Supernovae offer the unique possibility to probe diffuse extra-galactic sightlines via observation of the optical transitions of atoms, molecules and the diffuse interstellar bands (DIBs). Through optical spectroscopy the presence of (complex) molecules in distant galaxies can be established and used to derive local physical conditions of the interstellar medium (ISM). High resolution optical (3300-6800Å) spectra of
SN2006X at different phase obtained with UVES on the VLT were reduced and analysed. In addition to previously detected atomic (NaI and CaII) and molecular (CN) transitions we present detections of DIBs (λλ6196, 6283), diatomic molecules (CH, CH
+) and neutral atoms (CaI) in the spectra of
SN2006X taken at different phases (at 2 days before and 14 and 61 days after the brightness maximum).
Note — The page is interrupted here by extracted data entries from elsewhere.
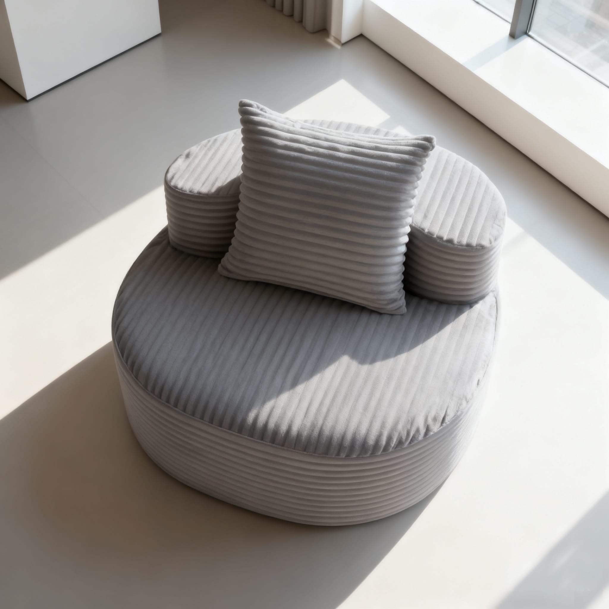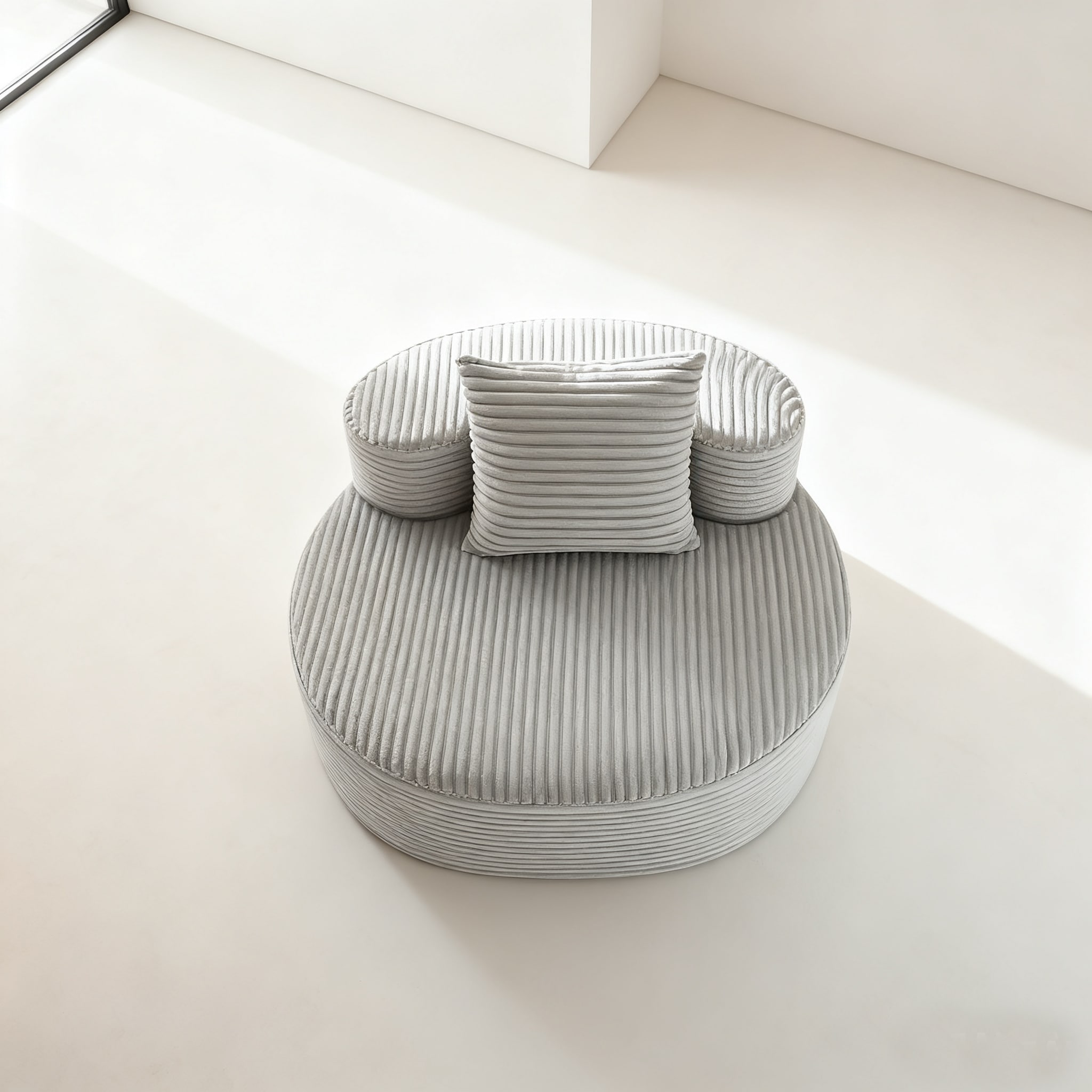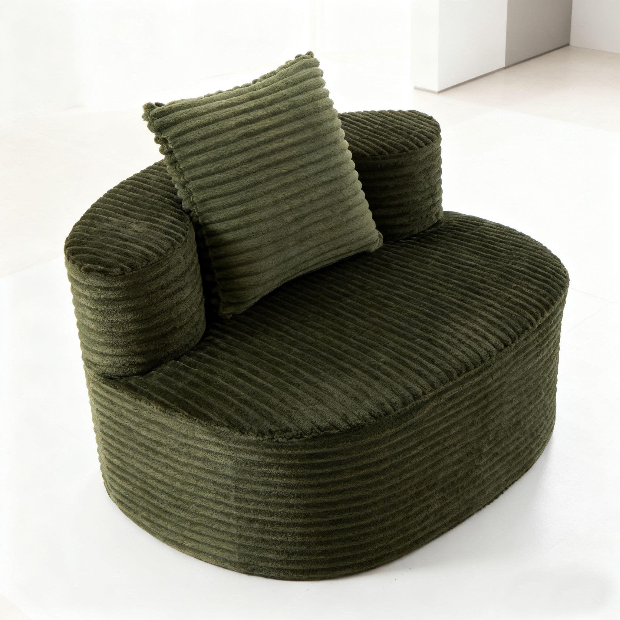Modern Round Bean Bag Chair with Lumbar Pillow, Plush Upholstered Lounge Chair for Living Room, Bedroom, Gaming & Reading Nook
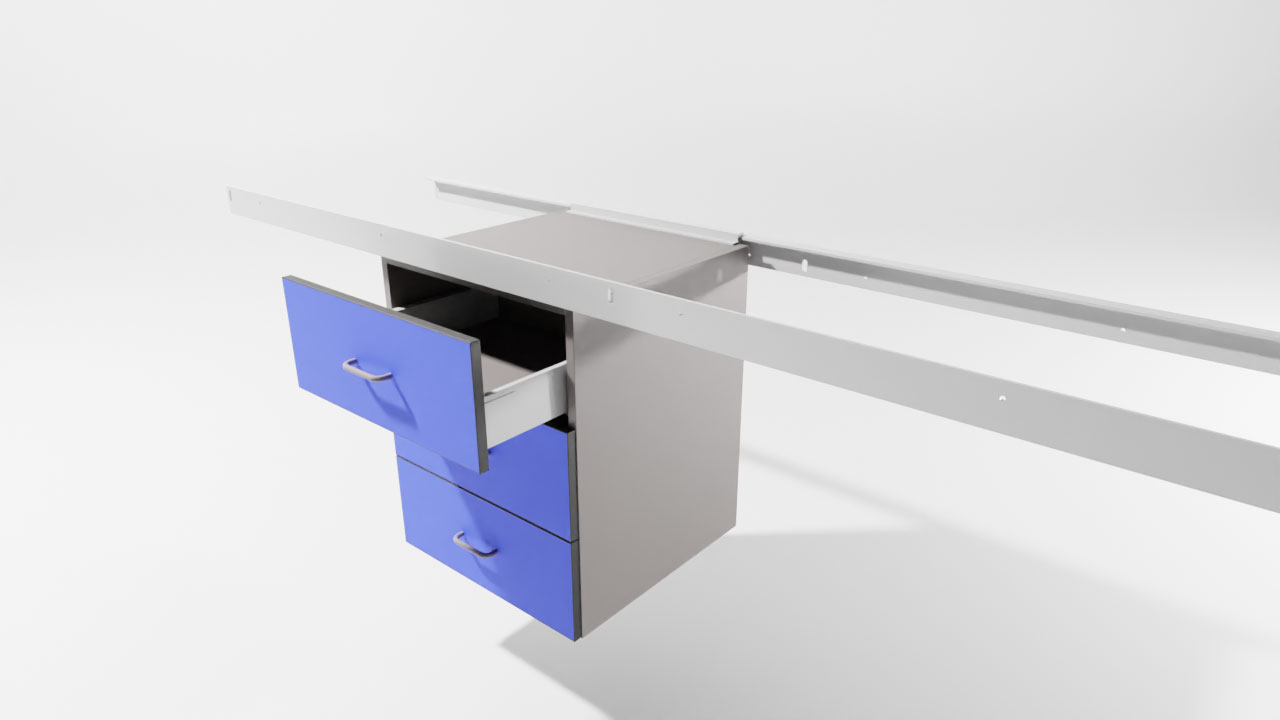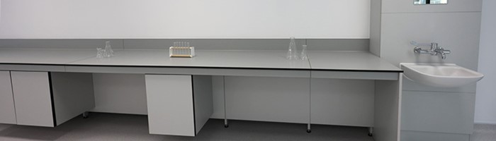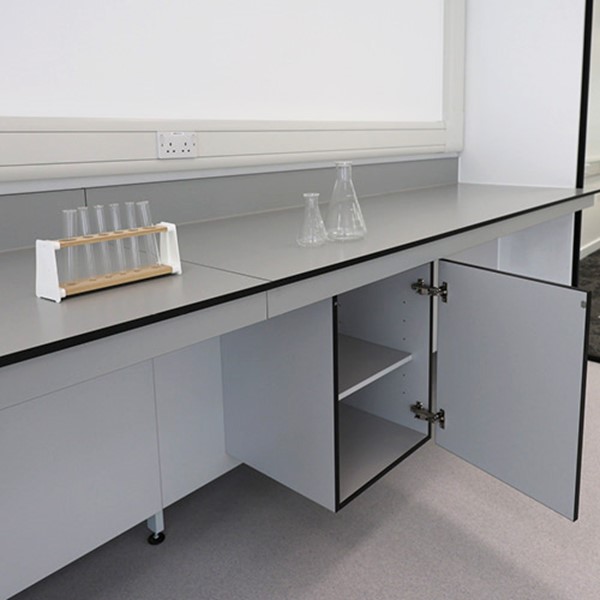 The suspended storage units are mounted on a powder-coated steel frame allowing them to slide and be repositioned as needs change - ideal for evolving lab environments. Optional sink and draining board configurations provide practical working areas, while integrated service runs and removable modesty panels keep all containment hidden yet easily accessible for maintenance and upgrades.
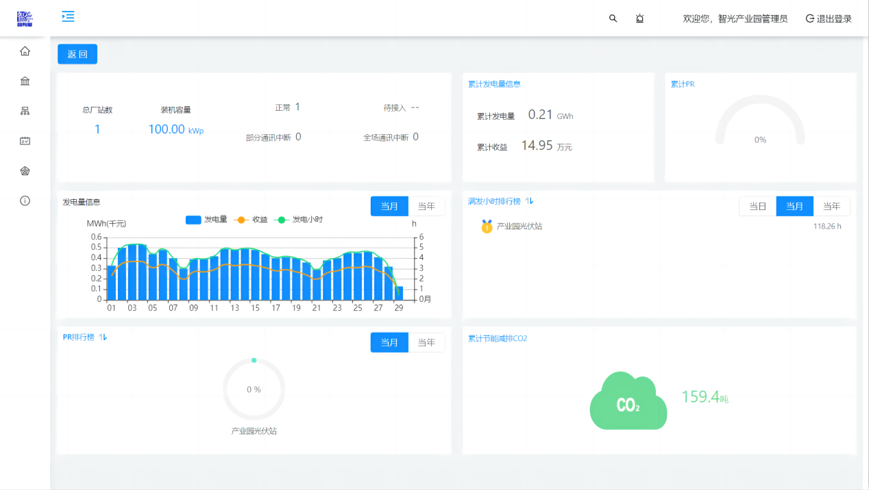 光伏运营系统按功能划分为综合数据大屏和电站管理两种平台展示,可分别通过web端和移动端同步访问。其中电站管理平台主要功能包括电站设备数据展示、告警管理、报表统计等。
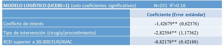 De las estimaciones econométricas, los principales factores que han influido de manera negativa en el uso de los UCEBE son la presencia de conflicto de interés de los autores y encontrar Ratios de Coste Efectividad Incremental (RCEI) superiores a 30.000 euros/AVAC en los estudios.
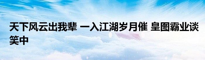 关于天下风云出我辈 一入江湖岁月催 皇图霸业谈笑中这个很多人还不知道,今天菲菲来为大家解答以上的问题,现在让我们一起来看看吧!
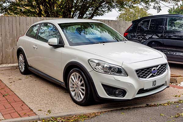 Volvo C30 2.0i SE LUX, 10 plate, White with dark grey leather seating, multispoke alloys, dual zone electronic climate control, cruise control, Radio/Multichanger CD and audio remote, electric windows, front fog lights, power mirrors, headlamp power wash, multi air bags, remote central locking with deadlocks, this is a recorded Catagory N NON STRUCTURAL DAMAGE (cosmetic damage only). THIS CAR WILL HAVE A SERVICE AND MOT at the point of sale. 87k...................£3,500

An analysis of the absorption profiles shows no variation between phases in the abundance, nor the central velocities (within 3σ error bars) of the (dense) gas tracers (CH, CH
+ and CaI) and the DIBs. This is consistent with the conclusion in the literature that
SN2006X exploded behind a dense interstellar cloud (inferred from strong atomic sodium and calcium lines and CN transitions) which caused strong photometric reddening but whose material was not directly affected by the supernova explosion. The CH and CN column densities correspond to a reddening of one magnitude following the Galactic correlation derived previously. The λλ6196 and 6283 lines detected in the
M100 ISM are under-abundant by factor of 2.5 to 3.5 (assuming a visual extinction of ∼2mag) compared to the average Galactic ISM relationship. Upper limits for λλ6379 and 6613 show that these are at least a factor of seven weaker. Therefore, the Galactic DIB-reddening relation does not seem to hold in
M100, although the lower gas-to-dust ratio may further reduce this discrepancy.